_WORK REQUEST_:
From the first line to the last, repeat the data exactly and drop the pictures.

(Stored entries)
BEGIN

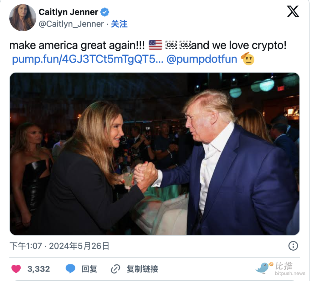 Pump.fun 火熱之際,2024 年 5 月,詹納攜手當時正積極籌備競選的川普,高調發行了自己的代幣。
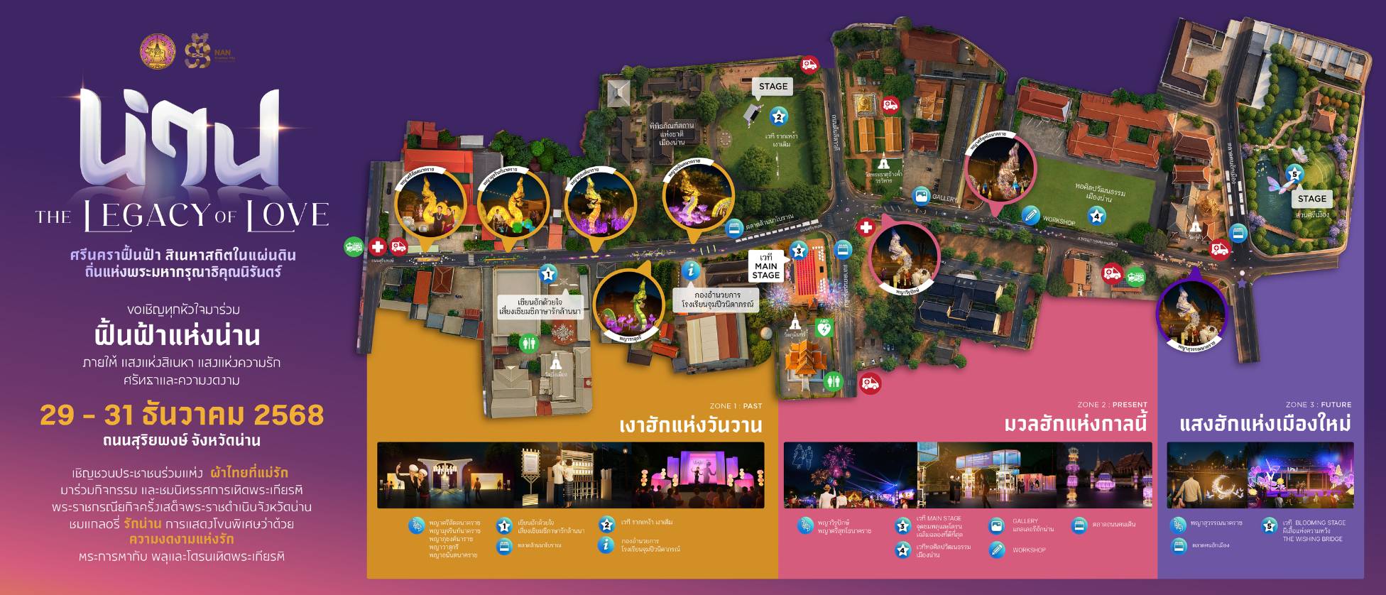 ‘น่าน’ จัดยิ่งใหญ่ THE LEGACY OF LOVE ศรีนคราฟื้นฟ้า สิเนหาสถิตในแผ่นดิน น้อมรำลึกสมเด็จพระพันปีหลวง ชวนสัมผัส 3 โซนแห่งสิเนหา ส่งท้ายปี
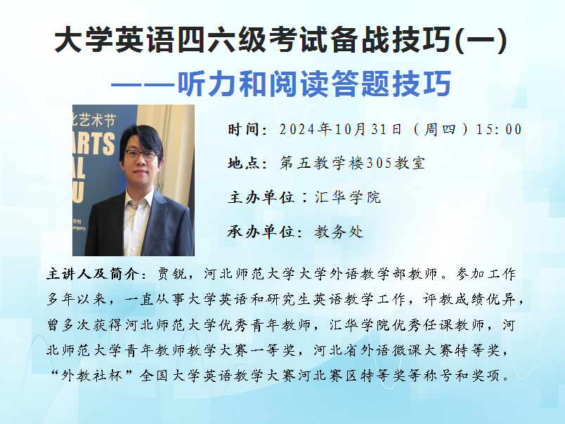 讲座题目:大学英语四六级考试备战技巧(一)——听力和阅读答题技巧
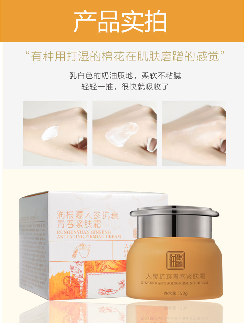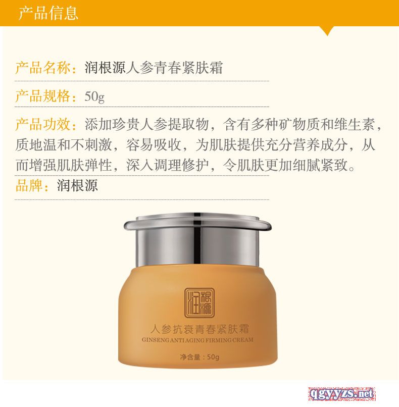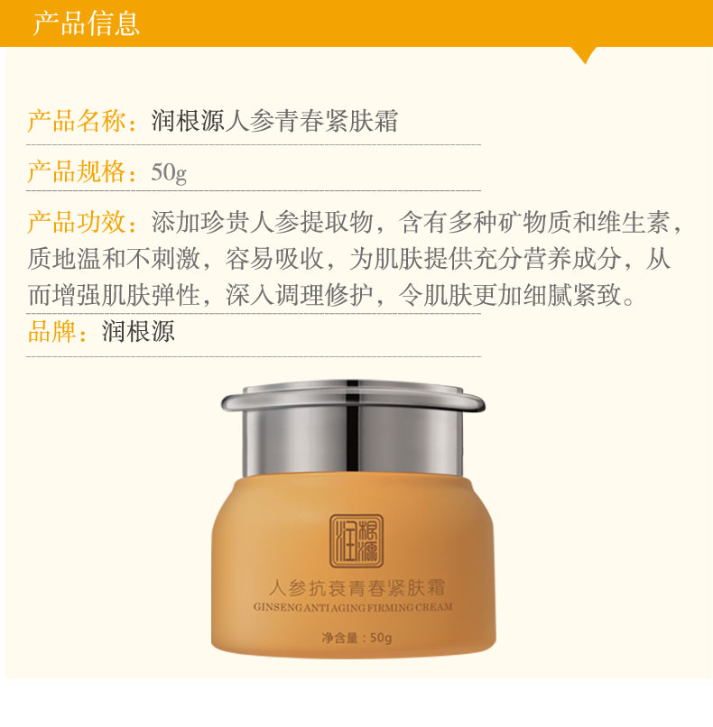 | 产品名称 | 润根源人参抗衰青春紧肤霜 |
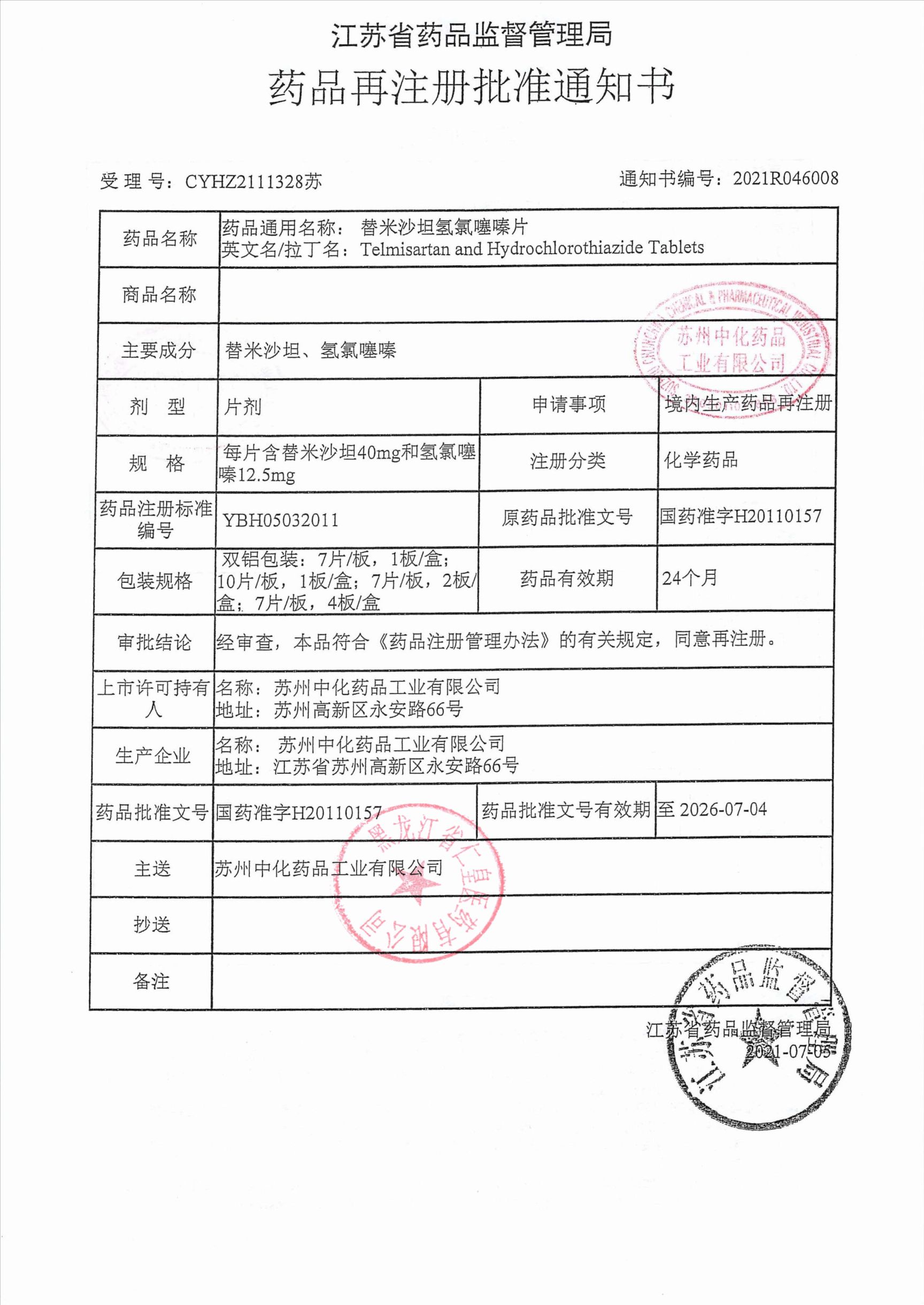 替米沙坦氫氯噻嗪片蘇

END

_OUTPUT BELOW_:
 Pump.fun 火熱之際,2024 年 5 月,詹納攜手當時正積極籌備競選的川普,高調發行了自己的代幣。
 ‘น่าน’ จัดยิ่งใหญ่ THE LEGACY OF LOVE ศรีนคราฟื้นฟ้า สิเนหาสถิตในแผ่นดิน น้อมรำลึกสมเด็จพระพันปีหลวง ชวนสัมผัส 3 โซนแห่งสิเนหา ส่งท้ายปี
 讲座题目:大学英语四六级考试备战技巧(一)——听力和阅读答题技巧
 | 产品名称 | 润根源人参抗衰青春紧肤霜 |
 替米沙坦氫氯噻嗪片蘇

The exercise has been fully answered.